[What to produce]:
Beginning at the line that contains "An elderly couple" and finishing at the line that contains "Dieser robuste aber", output the data below exactly. Include both end lines and no pictures.

[Input data]:
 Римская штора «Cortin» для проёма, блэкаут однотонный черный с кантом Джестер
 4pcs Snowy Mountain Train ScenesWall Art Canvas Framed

...

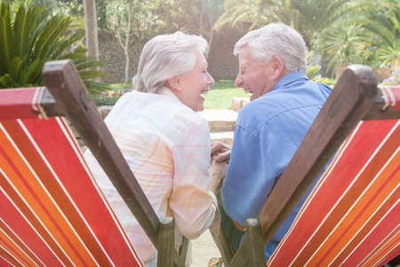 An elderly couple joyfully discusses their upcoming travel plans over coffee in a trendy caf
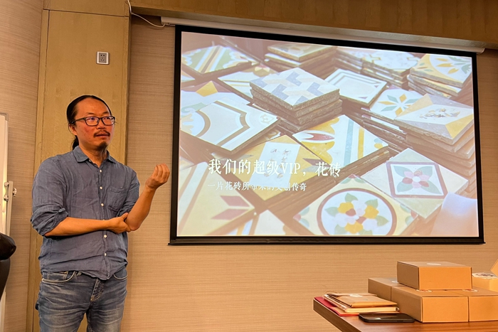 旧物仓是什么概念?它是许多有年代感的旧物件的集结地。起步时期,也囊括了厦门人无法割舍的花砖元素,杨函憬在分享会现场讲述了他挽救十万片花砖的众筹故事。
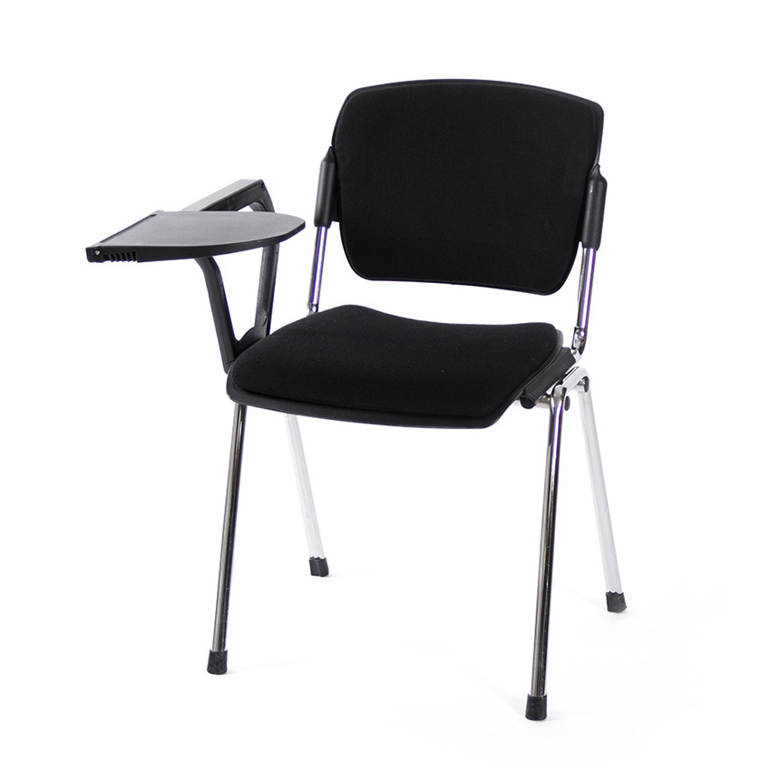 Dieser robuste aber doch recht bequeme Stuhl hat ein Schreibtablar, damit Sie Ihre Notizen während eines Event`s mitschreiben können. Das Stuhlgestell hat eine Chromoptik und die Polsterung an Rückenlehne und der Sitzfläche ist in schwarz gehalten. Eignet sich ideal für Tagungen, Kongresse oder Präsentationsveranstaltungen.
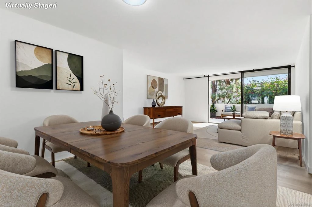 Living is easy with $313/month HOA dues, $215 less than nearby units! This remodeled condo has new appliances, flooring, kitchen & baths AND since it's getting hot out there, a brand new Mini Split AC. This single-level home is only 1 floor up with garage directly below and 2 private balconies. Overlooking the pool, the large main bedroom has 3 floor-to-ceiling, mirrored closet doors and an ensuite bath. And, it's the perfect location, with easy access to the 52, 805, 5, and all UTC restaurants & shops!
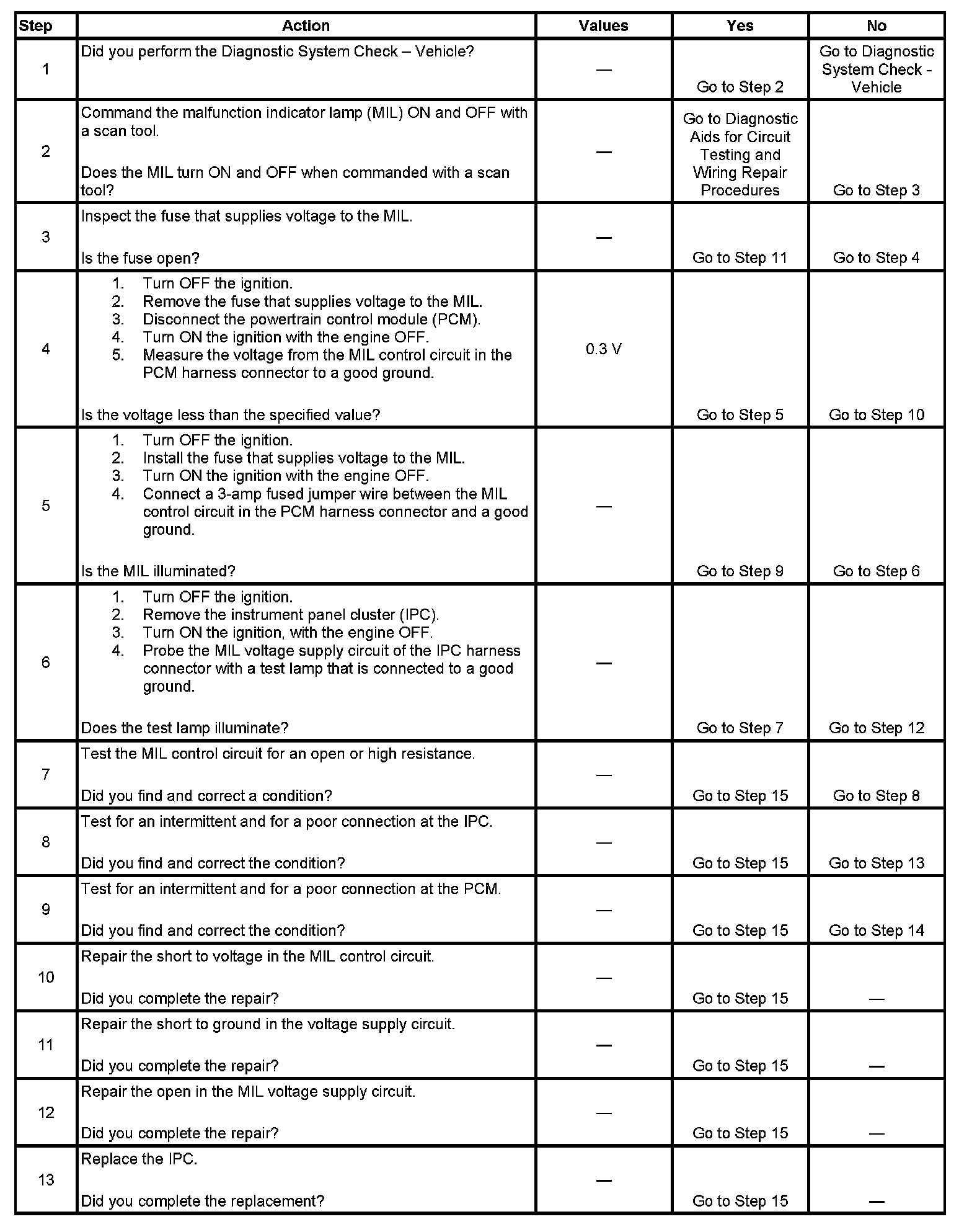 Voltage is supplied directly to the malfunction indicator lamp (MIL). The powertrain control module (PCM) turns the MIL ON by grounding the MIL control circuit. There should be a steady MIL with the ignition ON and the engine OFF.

[Task response]:
 An elderly couple joyfully discusses their upcoming travel plans over coffee in a trendy caf
 旧物仓是什么概念?它是许多有年代感的旧物件的集结地。起步时期,也囊括了厦门人无法割舍的花砖元素,杨函憬在分享会现场讲述了他挽救十万片花砖的众筹故事。
 Dieser robuste aber doch recht bequeme Stuhl hat ein Schreibtablar, damit Sie Ihre Notizen während eines Event`s mitschreiben können. Das Stuhlgestell hat eine Chromoptik und die Polsterung an Rückenlehne und der Sitzfläche ist in schwarz gehalten. Eignet sich ideal für Tagungen, Kongresse oder Präsentationsveranstaltungen.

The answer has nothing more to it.